Collected data:

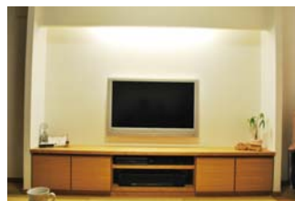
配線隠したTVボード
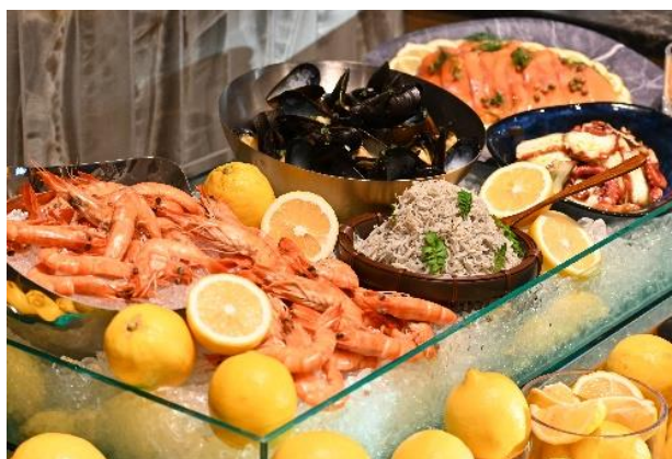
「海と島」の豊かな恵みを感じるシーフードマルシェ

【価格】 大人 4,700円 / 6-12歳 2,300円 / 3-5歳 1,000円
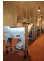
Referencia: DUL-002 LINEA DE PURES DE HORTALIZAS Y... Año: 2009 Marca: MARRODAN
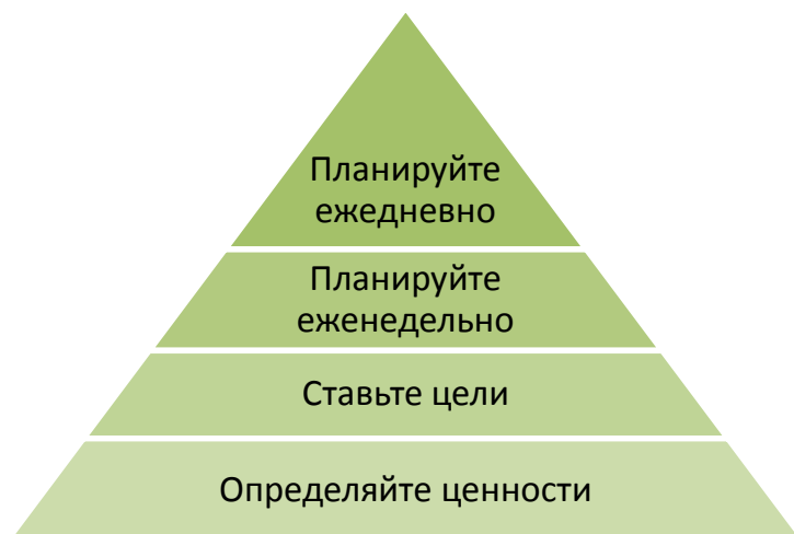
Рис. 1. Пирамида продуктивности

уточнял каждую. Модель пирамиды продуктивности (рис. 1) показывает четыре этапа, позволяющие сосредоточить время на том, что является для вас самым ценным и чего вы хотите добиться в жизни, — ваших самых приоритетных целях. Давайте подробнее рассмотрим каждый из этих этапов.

**Task requirements**
Say how many lines in the entries include the string "продуктивности", and write nothing besides that number.

**Result for this exercise**
2